Vale la pena analizar cómo nos sentimos en el hogar, con la pareja, con la familia, y ver qué emociones displacenteras no estamos manejando y qué sentimientos negativos hay.

El primer paso es la sincronicidad positiva de mente y corazón. Es un trabajo arduo, de todos los días, que puede traernos una gran paz interna cuando lo logremos.

EXPLOSIÓN PEMEX 2013

En días pasados, hubo una explosión en el sótano de una torre de oficinas de la paraestatal Petróleos Mexicanos (PEMEX), ubicada en la ciudad de México, Distrito Federal, con elevado número de personas fallecidas y más de cien heridos, de los cuales permanecen hospitalizados alrededor de 17 personas.  No enfatizo los datos duros ya que todos los conocen, porque han sido repetidos hasta la saciedad en todos los medios de comunicación masiva.

Sobre lo que sí quiero hablar es sobre las emociones que el evento generó en nosotros los capitalinos, y, en general en la mayoría de los mexicanos. La emoción primaria fue miedo.

No estamos acostumbrados a percances similares. A que tiemble muchas veces, todos los días, ya nos hemos ido acostumbrando, por ejemplo, el otro día sentí una sacudida brusca, seguida de un mareo momentáneo, y le pregunté a mi asistente si estaba temblando, a lo que contestó que sí, que ella había sentido lo mismo. Prendimos la radio, no dijeron nada de una alarma sísmica, por lo que seguimos trabajando. Diariamente tiembla alrededor de diez veces sin llegar a moviientos fuertes.

En esta ocasión, cuando escuchamos la noticia, lo primero que nos vino a la cabeza fue la palabra terrorismo (narco-terrorismo o terrorismo político). Ya sé que hay países, como España que padeció el ataque de ETA cientos de veces, para los que las explosiones pueden ser algo esperado, aquí no hemos sufrido esa tensión.
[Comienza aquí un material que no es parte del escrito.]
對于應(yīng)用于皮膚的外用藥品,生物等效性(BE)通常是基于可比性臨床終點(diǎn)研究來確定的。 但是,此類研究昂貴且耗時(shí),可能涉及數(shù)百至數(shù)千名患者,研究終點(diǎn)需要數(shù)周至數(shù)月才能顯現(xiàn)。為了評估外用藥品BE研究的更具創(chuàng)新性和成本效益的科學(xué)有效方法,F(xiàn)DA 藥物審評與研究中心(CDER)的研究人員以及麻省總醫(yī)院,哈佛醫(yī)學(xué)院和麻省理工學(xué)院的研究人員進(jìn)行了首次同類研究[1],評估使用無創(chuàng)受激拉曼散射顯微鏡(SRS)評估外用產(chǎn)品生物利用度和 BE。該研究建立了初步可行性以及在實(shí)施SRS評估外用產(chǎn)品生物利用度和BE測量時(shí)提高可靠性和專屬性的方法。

Se trataba de un edificio emblemático de la economía mexicana (PEMEX), por lo que el recuerdo de las Torres Gemelas de Nueva York acudió momentáneamente a nuestra memoria.

Después del miedo, vino una sensación de indefensión, de desconcierto, de vacío, de inestabilidad, de incredulidad, mucho antes que el dolor emocional. Esto nos pasó a todos los que no estuvimos en el lugar de la explosión.
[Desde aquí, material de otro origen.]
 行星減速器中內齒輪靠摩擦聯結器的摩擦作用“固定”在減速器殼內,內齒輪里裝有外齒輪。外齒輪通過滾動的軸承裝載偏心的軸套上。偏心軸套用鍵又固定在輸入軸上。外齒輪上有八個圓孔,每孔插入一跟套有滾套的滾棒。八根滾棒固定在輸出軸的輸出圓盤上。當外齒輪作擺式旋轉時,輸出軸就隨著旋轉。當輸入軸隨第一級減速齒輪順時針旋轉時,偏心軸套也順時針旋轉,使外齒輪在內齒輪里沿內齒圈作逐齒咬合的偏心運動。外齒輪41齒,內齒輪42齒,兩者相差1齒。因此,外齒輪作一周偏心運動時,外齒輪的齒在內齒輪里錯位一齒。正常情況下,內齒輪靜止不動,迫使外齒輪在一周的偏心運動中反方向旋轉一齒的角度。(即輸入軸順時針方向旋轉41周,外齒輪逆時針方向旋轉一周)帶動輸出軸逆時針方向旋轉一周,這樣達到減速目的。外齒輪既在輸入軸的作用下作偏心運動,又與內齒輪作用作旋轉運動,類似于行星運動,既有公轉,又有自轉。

Para los que la vivieron en carne propia, podemos imaginar una descarga de adrenalina mil veces más fuerte generada por el miedo y el instinto de conservación. Los sentimientos de desconcierto, vacío, inestabilidad, incredulidad, asombro, indefensión, vulnerabilidad, precedieron al dolor físico por las heridas recibidas o a la preocupación por los compañeros o las pertenencia personales.

El calvario de quienes no encontraban a sus familiares entre los muertos o heridos. La esperanza de los que querían seguir buscando entre los escombros, aun cuando los encargados decían que ya no había víctimas ahí, mientras rememoraban a los recién nacidos que sobrevivieron sepultados más de una semana en las ruinas del Hospital General del IMSS, que se derrumbó en el temblor de 1985, sólo puede comprenderlo quien ha vivido una angustia paralela.

Pasados los días dijeron que había sido una explosión de gas, lo cual es inquietante, aunque menos que la palabra terrorismo. Hablamos de descuido, de negligencia…¿y de qué más? Los que no formamos parte de ese entorno, estamos más tranquilos, no así los que laboran en ese edificio o en los edificios contiguos de la misma empresa, ellos traen el miedo circulando en la sangre.

Es conveniente que busquen ayuda profesional, que puede ser psiquiátrica, psicológica o tanatológica, y que pongan especial cuidado en no caer en manos de charlatanes. Nosotros les enviamos un abrazo solidario con un pensamiento firme, lleno de energía positiva, de que van a encontrar la luz en su camino.

Todos podemos reflexionar, una vez más, que la Muerte, nuestra compañera día y noche desde que nacimos, puede estar a la vuelta de la esquina, y por ello, poner en orden nuestras vidas, no sólo papeles o documentos, si no cerrar círculos emocionales, priorizar lo relevante, lo trascendente, lo valioso, sobre lo material y efímero.

Renovemos la fe en nosotros mismos y sigamos nuestro camino eliminando basura emocional y viviendo en el Amor.